### [DIRECTIONS FOR THIS TASK]
Repeat every record below exactly, but leave out any pictures.

### [TASK INPUTS]

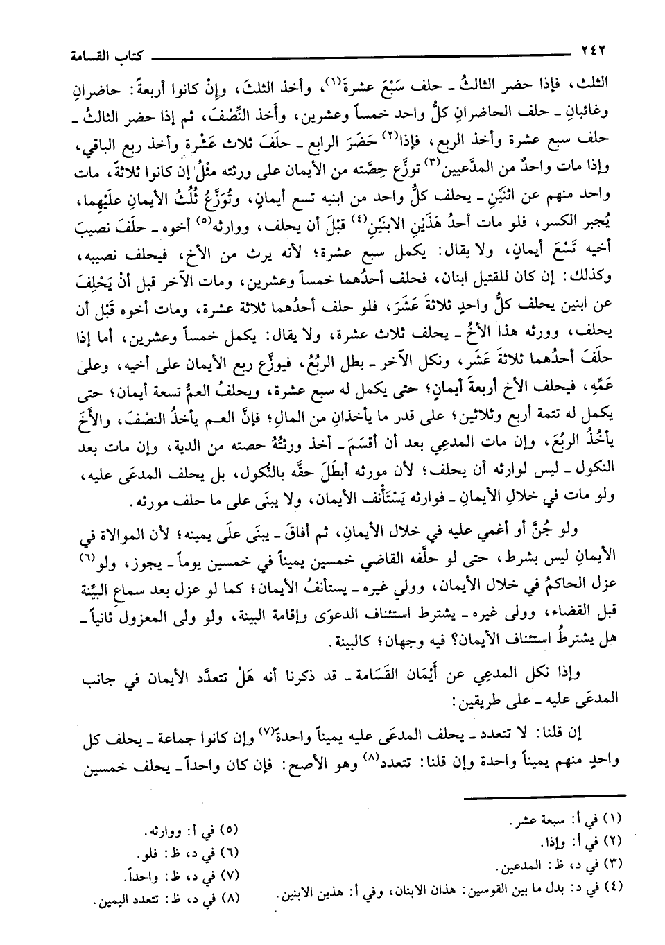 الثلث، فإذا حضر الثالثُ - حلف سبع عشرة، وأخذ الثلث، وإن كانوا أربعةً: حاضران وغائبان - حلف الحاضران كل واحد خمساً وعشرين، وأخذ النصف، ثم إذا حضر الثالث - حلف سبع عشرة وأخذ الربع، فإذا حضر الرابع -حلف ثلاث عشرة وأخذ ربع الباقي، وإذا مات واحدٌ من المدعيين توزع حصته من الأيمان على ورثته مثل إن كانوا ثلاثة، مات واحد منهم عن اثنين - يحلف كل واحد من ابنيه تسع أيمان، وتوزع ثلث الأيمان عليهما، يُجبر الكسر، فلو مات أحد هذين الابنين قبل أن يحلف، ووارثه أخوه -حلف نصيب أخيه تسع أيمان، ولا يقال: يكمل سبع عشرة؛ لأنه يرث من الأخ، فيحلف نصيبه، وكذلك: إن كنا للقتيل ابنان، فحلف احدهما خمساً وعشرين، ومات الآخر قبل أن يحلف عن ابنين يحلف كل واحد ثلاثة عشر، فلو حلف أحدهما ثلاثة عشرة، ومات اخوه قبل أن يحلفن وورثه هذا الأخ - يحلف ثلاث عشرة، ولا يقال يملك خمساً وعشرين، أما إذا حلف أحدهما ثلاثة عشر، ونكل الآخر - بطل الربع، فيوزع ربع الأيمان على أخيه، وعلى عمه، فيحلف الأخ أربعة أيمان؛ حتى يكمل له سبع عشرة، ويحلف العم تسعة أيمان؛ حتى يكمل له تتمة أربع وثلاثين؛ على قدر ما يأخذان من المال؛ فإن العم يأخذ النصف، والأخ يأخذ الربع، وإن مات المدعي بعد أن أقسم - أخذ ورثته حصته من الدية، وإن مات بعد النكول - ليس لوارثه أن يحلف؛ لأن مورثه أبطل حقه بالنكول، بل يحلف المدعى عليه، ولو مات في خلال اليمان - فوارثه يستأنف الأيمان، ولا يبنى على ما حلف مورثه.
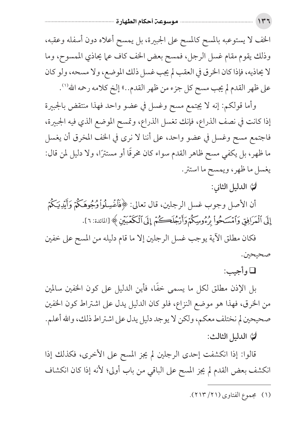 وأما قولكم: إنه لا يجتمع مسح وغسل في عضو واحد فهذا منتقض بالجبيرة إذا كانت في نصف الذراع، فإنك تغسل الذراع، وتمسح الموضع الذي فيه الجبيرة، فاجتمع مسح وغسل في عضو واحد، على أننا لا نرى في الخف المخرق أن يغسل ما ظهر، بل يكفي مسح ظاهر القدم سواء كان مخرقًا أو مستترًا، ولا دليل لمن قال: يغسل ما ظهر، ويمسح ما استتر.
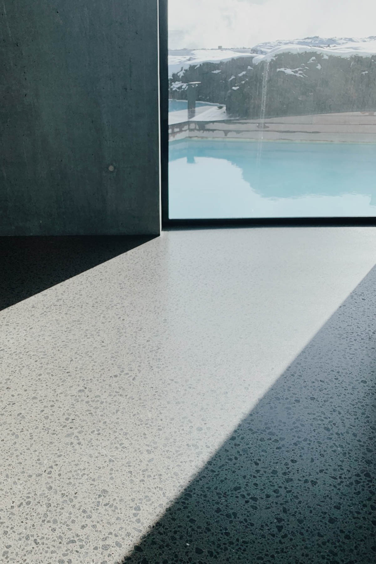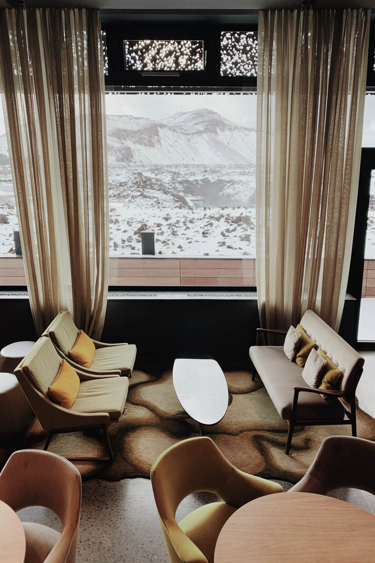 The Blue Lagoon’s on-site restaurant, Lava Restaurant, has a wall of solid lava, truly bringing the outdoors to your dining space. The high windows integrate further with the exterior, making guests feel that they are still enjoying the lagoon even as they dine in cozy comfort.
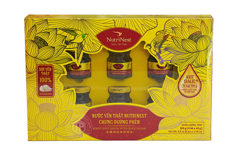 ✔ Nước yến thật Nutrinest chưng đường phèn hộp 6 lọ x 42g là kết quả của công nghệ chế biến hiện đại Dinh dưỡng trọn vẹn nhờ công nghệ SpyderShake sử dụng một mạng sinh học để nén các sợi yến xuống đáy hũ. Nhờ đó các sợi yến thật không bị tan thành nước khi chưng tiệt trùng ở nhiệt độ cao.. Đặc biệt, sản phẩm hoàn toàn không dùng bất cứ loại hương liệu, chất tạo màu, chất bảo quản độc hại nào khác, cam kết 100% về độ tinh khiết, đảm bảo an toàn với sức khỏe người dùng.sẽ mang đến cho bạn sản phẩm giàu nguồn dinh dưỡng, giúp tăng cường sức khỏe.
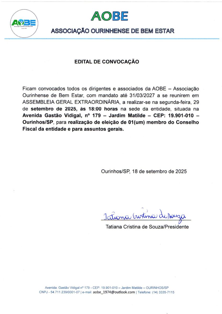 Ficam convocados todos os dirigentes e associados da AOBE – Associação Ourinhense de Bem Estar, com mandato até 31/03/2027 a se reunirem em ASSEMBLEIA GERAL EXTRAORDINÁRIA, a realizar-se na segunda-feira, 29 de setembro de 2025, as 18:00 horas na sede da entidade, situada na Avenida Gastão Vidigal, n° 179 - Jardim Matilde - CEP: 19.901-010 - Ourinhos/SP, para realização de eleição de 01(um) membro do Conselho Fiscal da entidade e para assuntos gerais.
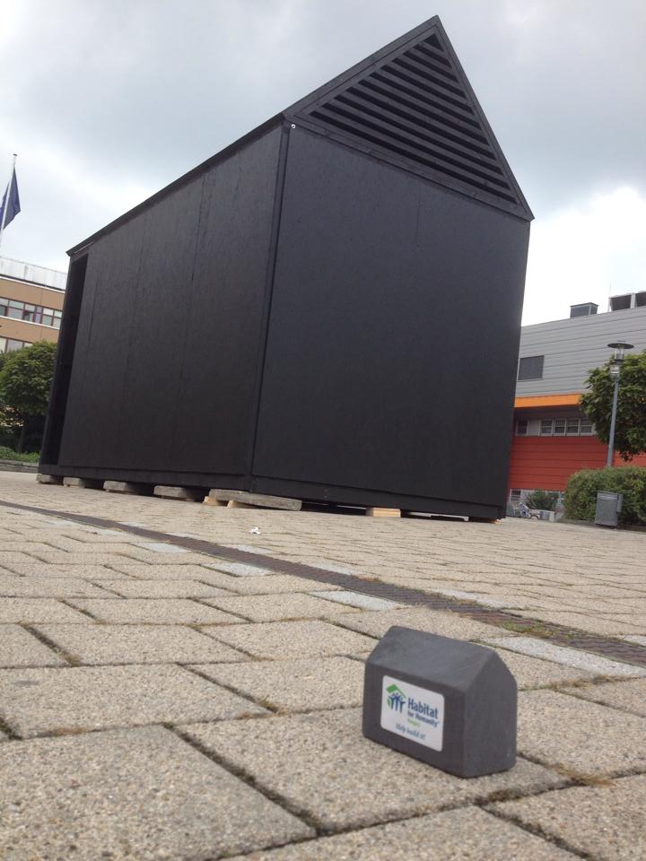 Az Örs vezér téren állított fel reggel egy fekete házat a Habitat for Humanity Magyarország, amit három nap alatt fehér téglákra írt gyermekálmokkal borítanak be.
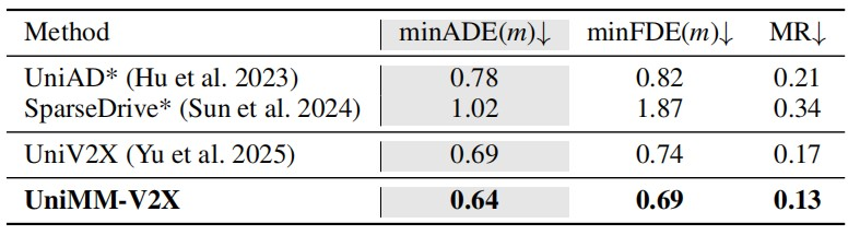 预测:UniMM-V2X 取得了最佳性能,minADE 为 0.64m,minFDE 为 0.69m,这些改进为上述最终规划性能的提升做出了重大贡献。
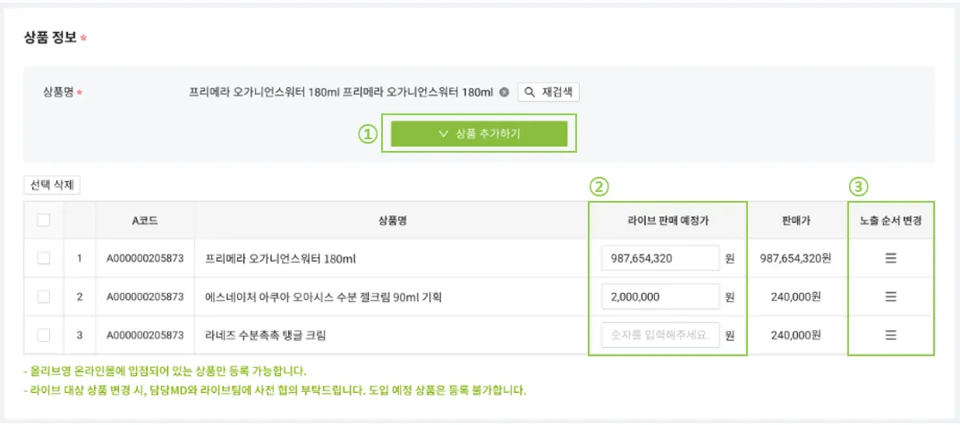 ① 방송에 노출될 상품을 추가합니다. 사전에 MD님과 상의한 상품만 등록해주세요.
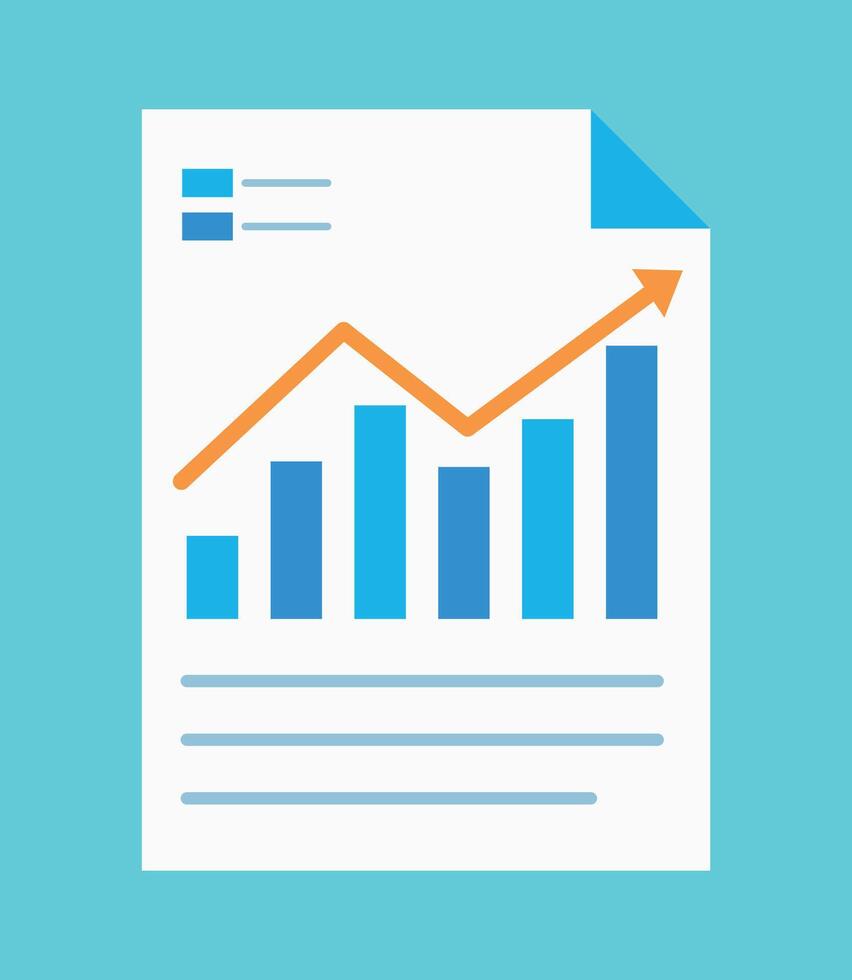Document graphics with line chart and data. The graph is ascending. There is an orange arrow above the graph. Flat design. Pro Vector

### [ANSWER TO THIS TASK]
 الثلث، فإذا حضر الثالثُ - حلف سبع عشرة، وأخذ الثلث، وإن كانوا أربعةً: حاضران وغائبان - حلف الحاضران كل واحد خمساً وعشرين، وأخذ النصف، ثم إذا حضر الثالث - حلف سبع عشرة وأخذ الربع، فإذا حضر الرابع -حلف ثلاث عشرة وأخذ ربع الباقي، وإذا مات واحدٌ من المدعيين توزع حصته من الأيمان على ورثته مثل إن كانوا ثلاثة، مات واحد منهم عن اثنين - يحلف كل واحد من ابنيه تسع أيمان، وتوزع ثلث الأيمان عليهما، يُجبر الكسر، فلو مات أحد هذين الابنين قبل أن يحلف، ووارثه أخوه -حلف نصيب أخيه تسع أيمان، ولا يقال: يكمل سبع عشرة؛ لأنه يرث من الأخ، فيحلف نصيبه، وكذلك: إن كنا للقتيل ابنان، فحلف احدهما خمساً وعشرين، ومات الآخر قبل أن يحلف عن ابنين يحلف كل واحد ثلاثة عشر، فلو حلف أحدهما ثلاثة عشرة، ومات اخوه قبل أن يحلفن وورثه هذا الأخ - يحلف ثلاث عشرة، ولا يقال يملك خمساً وعشرين، أما إذا حلف أحدهما ثلاثة عشر، ونكل الآخر - بطل الربع، فيوزع ربع الأيمان على أخيه، وعلى عمه، فيحلف الأخ أربعة أيمان؛ حتى يكمل له سبع عشرة، ويحلف العم تسعة أيمان؛ حتى يكمل له تتمة أربع وثلاثين؛ على قدر ما يأخذان من المال؛ فإن العم يأخذ النصف، والأخ يأخذ الربع، وإن مات المدعي بعد أن أقسم - أخذ ورثته حصته من الدية، وإن مات بعد النكول - ليس لوارثه أن يحلف؛ لأن مورثه أبطل حقه بالنكول، بل يحلف المدعى عليه، ولو مات في خلال اليمان - فوارثه يستأنف الأيمان، ولا يبنى على ما حلف مورثه.
 وأما قولكم: إنه لا يجتمع مسح وغسل في عضو واحد فهذا منتقض بالجبيرة إذا كانت في نصف الذراع، فإنك تغسل الذراع، وتمسح الموضع الذي فيه الجبيرة، فاجتمع مسح وغسل في عضو واحد، على أننا لا نرى في الخف المخرق أن يغسل ما ظهر، بل يكفي مسح ظاهر القدم سواء كان مخرقًا أو مستترًا، ولا دليل لمن قال: يغسل ما ظهر، ويمسح ما استتر.
 The Blue Lagoon’s on-site restaurant, Lava Restaurant, has a wall of solid lava, truly bringing the outdoors to your dining space. The high windows integrate further with the exterior, making guests feel that they are still enjoying the lagoon even as they dine in cozy comfort.
 ✔ Nước yến thật Nutrinest chưng đường phèn hộp 6 lọ x 42g là kết quả của công nghệ chế biến hiện đại Dinh dưỡng trọn vẹn nhờ công nghệ SpyderShake sử dụng một mạng sinh học để nén các sợi yến xuống đáy hũ. Nhờ đó các sợi yến thật không bị tan thành nước khi chưng tiệt trùng ở nhiệt độ cao.. Đặc biệt, sản phẩm hoàn toàn không dùng bất cứ loại hương liệu, chất tạo màu, chất bảo quản độc hại nào khác, cam kết 100% về độ tinh khiết, đảm bảo an toàn với sức khỏe người dùng.sẽ mang đến cho bạn sản phẩm giàu nguồn dinh dưỡng, giúp tăng cường sức khỏe.
 Ficam convocados todos os dirigentes e associados da AOBE – Associação Ourinhense de Bem Estar, com mandato até 31/03/2027 a se reunirem em ASSEMBLEIA GERAL EXTRAORDINÁRIA, a realizar-se na segunda-feira, 29 de setembro de 2025, as 18:00 horas na sede da entidade, situada na Avenida Gastão Vidigal, n° 179 - Jardim Matilde - CEP: 19.901-010 - Ourinhos/SP, para realização de eleição de 01(um) membro do Conselho Fiscal da entidade e para assuntos gerais.
 Az Örs vezér téren állított fel reggel egy fekete házat a Habitat for Humanity Magyarország, amit három nap alatt fehér téglákra írt gyermekálmokkal borítanak be.
 预测:UniMM-V2X 取得了最佳性能,minADE 为 0.64m,minFDE 为 0.69m,这些改进为上述最终规划性能的提升做出了重大贡献。
 ① 방송에 노출될 상품을 추가합니다. 사전에 MD님과 상의한 상품만 등록해주세요.
Document graphics with line chart and data. The graph is ascending. There is an orange arrow above the graph. Flat design. Pro Vector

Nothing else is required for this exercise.